- _Your objective_
Write out again the lines from the line with "近日,由浙江省环保集团生态环" up to and including the line with "3個の雄しべを子房から剥がして、下側から見た様子である。 |", exactly as they stand below, and skip any picture.

- _Source material_
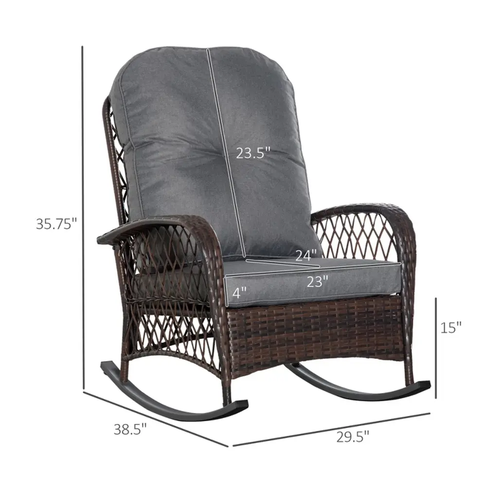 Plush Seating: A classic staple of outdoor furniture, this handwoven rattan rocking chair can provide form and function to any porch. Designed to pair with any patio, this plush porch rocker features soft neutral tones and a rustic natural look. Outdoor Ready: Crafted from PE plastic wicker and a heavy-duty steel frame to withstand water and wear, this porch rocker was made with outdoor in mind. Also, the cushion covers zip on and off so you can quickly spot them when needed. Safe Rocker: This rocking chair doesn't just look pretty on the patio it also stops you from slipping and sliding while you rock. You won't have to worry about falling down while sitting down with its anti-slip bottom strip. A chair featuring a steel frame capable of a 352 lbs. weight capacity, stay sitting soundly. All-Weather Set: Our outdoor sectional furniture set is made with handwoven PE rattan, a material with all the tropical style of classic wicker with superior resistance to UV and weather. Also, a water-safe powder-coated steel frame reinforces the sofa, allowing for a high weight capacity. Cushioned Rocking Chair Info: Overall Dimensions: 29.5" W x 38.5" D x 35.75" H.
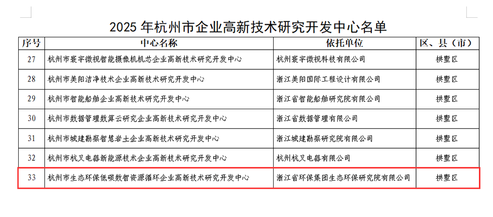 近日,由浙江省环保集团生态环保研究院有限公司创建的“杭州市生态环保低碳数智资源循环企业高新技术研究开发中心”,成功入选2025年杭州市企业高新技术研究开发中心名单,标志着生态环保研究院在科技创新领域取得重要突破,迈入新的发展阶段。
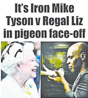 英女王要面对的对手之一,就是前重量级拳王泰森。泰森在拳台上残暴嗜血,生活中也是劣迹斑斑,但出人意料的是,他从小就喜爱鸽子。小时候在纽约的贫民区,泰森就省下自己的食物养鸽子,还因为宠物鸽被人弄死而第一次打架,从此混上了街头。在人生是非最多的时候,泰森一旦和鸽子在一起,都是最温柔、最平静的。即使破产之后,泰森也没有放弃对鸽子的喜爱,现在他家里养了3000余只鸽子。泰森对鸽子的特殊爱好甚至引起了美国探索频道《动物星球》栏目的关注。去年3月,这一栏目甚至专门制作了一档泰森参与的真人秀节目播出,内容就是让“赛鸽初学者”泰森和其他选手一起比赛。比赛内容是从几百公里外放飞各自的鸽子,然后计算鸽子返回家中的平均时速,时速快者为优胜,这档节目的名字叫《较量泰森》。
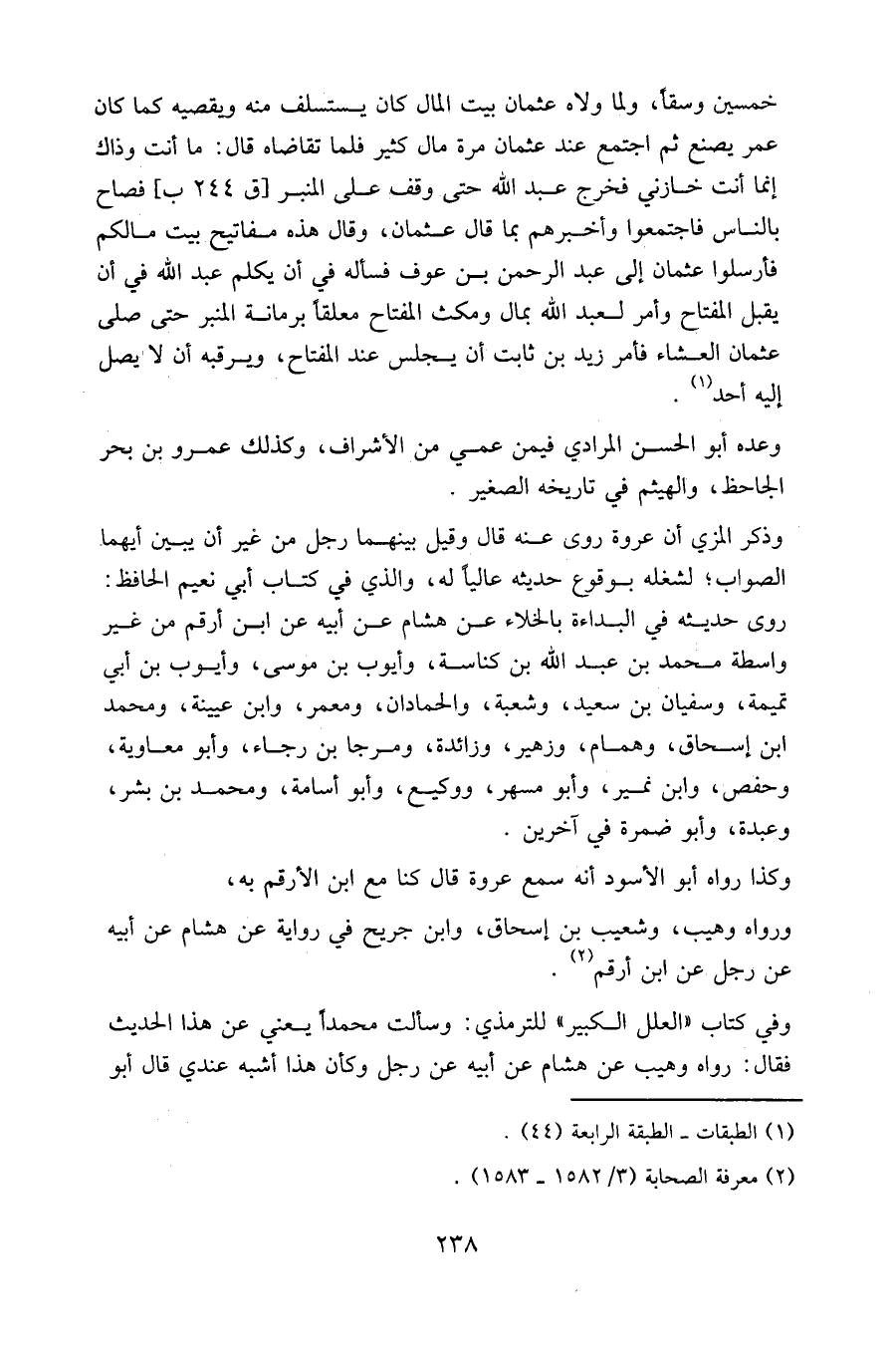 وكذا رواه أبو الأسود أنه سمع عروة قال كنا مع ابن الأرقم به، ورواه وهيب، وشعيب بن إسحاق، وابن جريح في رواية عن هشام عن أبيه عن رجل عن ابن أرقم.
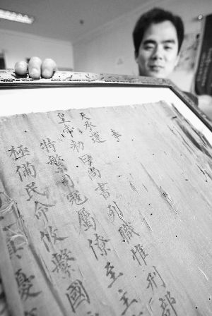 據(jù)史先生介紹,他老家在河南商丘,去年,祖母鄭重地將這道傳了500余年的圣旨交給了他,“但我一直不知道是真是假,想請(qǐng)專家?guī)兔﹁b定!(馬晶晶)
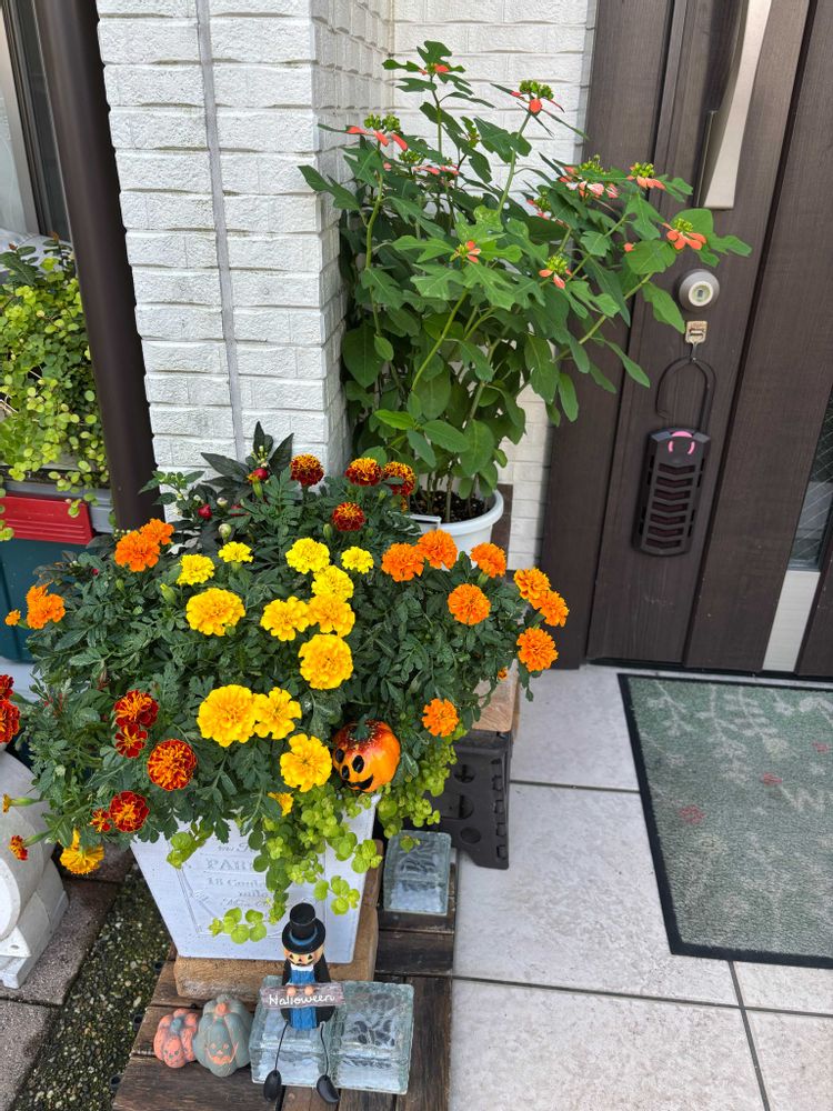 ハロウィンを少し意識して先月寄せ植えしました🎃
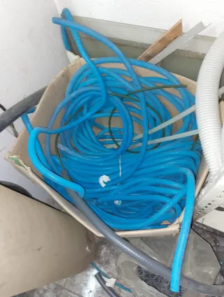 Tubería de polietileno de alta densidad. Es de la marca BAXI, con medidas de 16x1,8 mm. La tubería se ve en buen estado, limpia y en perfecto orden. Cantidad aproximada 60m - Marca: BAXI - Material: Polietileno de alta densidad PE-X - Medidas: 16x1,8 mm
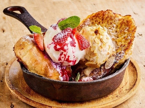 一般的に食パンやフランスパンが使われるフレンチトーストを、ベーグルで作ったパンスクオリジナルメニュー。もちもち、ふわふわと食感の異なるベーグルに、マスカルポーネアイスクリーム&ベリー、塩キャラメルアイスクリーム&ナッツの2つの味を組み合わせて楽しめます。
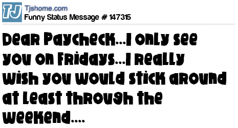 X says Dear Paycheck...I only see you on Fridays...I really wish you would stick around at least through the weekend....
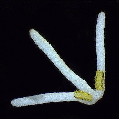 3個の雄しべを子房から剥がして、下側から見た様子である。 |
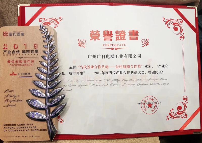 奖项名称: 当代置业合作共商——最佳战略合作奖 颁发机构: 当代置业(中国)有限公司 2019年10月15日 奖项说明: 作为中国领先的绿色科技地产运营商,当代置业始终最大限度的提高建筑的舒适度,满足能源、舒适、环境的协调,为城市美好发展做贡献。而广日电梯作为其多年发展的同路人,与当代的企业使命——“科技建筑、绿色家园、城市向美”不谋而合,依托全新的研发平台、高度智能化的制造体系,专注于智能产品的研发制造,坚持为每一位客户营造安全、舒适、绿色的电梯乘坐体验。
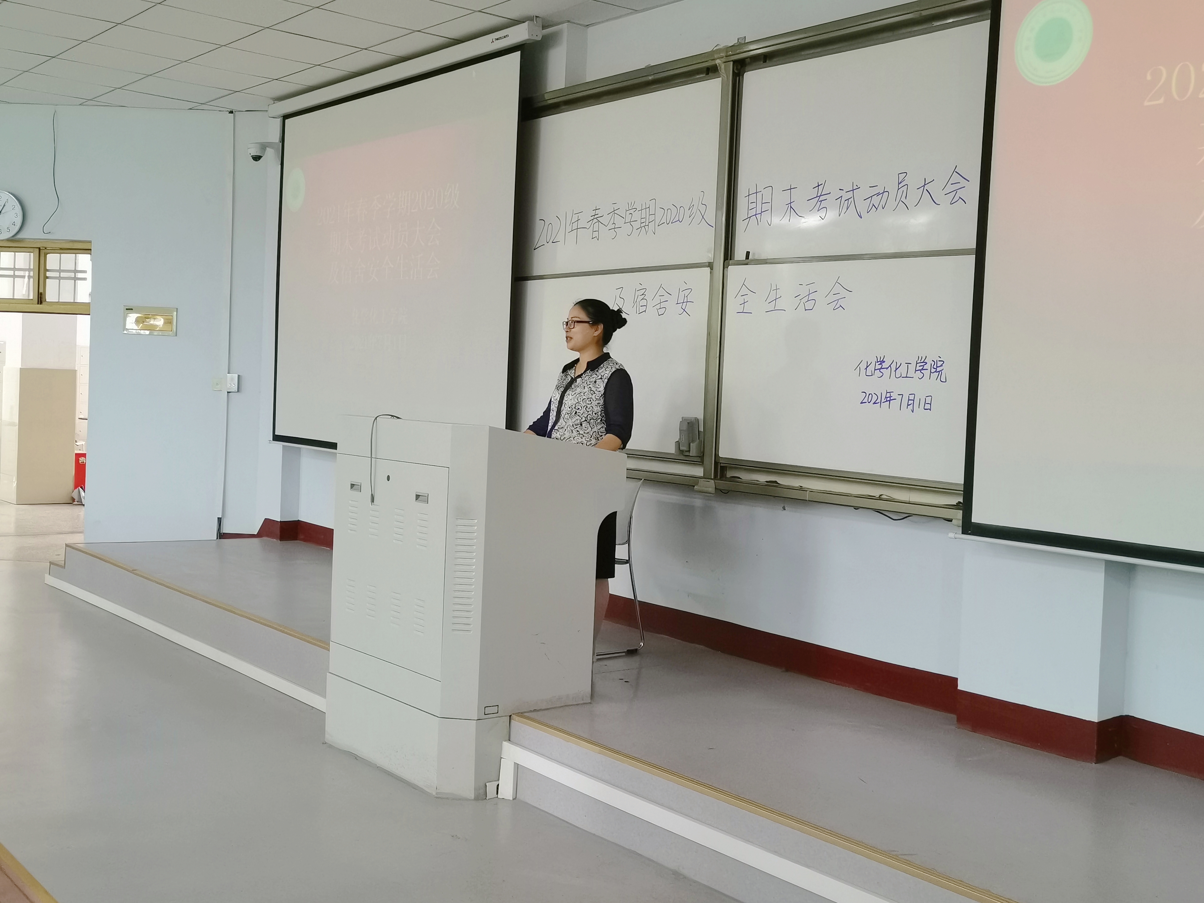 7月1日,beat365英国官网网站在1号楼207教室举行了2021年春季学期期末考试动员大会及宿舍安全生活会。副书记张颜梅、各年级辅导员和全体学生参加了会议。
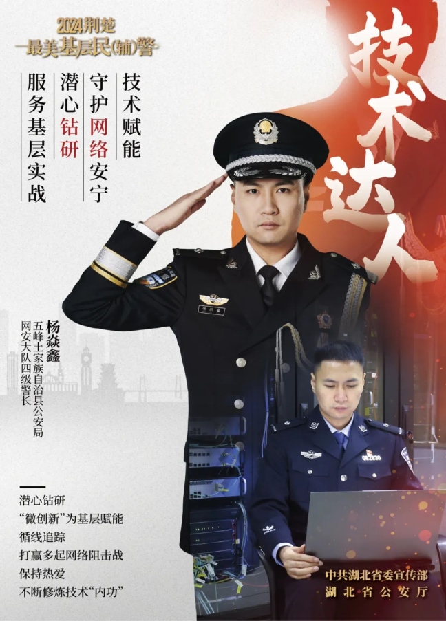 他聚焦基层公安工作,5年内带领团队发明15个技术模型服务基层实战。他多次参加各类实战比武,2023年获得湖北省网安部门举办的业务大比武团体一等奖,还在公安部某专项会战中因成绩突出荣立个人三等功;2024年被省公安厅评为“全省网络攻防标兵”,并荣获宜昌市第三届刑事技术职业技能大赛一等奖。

- _Exercise result_
 近日,由浙江省环保集团生态环保研究院有限公司创建的“杭州市生态环保低碳数智资源循环企业高新技术研究开发中心”,成功入选2025年杭州市企业高新技术研究开发中心名单,标志着生态环保研究院在科技创新领域取得重要突破,迈入新的发展阶段。
 英女王要面对的对手之一,就是前重量级拳王泰森。泰森在拳台上残暴嗜血,生活中也是劣迹斑斑,但出人意料的是,他从小就喜爱鸽子。小时候在纽约的贫民区,泰森就省下自己的食物养鸽子,还因为宠物鸽被人弄死而第一次打架,从此混上了街头。在人生是非最多的时候,泰森一旦和鸽子在一起,都是最温柔、最平静的。即使破产之后,泰森也没有放弃对鸽子的喜爱,现在他家里养了3000余只鸽子。泰森对鸽子的特殊爱好甚至引起了美国探索频道《动物星球》栏目的关注。去年3月,这一栏目甚至专门制作了一档泰森参与的真人秀节目播出,内容就是让“赛鸽初学者”泰森和其他选手一起比赛。比赛内容是从几百公里外放飞各自的鸽子,然后计算鸽子返回家中的平均时速,时速快者为优胜,这档节目的名字叫《较量泰森》。
 وكذا رواه أبو الأسود أنه سمع عروة قال كنا مع ابن الأرقم به، ورواه وهيب، وشعيب بن إسحاق، وابن جريح في رواية عن هشام عن أبيه عن رجل عن ابن أرقم.
 據(jù)史先生介紹,他老家在河南商丘,去年,祖母鄭重地將這道傳了500余年的圣旨交給了他,“但我一直不知道是真是假,想請(qǐng)專家?guī)兔﹁b定!(馬晶晶)
 ハロウィンを少し意識して先月寄せ植えしました🎃
 Tubería de polietileno de alta densidad. Es de la marca BAXI, con medidas de 16x1,8 mm. La tubería se ve en buen estado, limpia y en perfecto orden. Cantidad aproximada 60m - Marca: BAXI - Material: Polietileno de alta densidad PE-X - Medidas: 16x1,8 mm
 一般的に食パンやフランスパンが使われるフレンチトーストを、ベーグルで作ったパンスクオリジナルメニュー。もちもち、ふわふわと食感の異なるベーグルに、マスカルポーネアイスクリーム&ベリー、塩キャラメルアイスクリーム&ナッツの2つの味を組み合わせて楽しめます。
 X says Dear Paycheck...I only see you on Fridays...I really wish you would stick around at least through the weekend....
 3個の雄しべを子房から剥がして、下側から見た様子である。 |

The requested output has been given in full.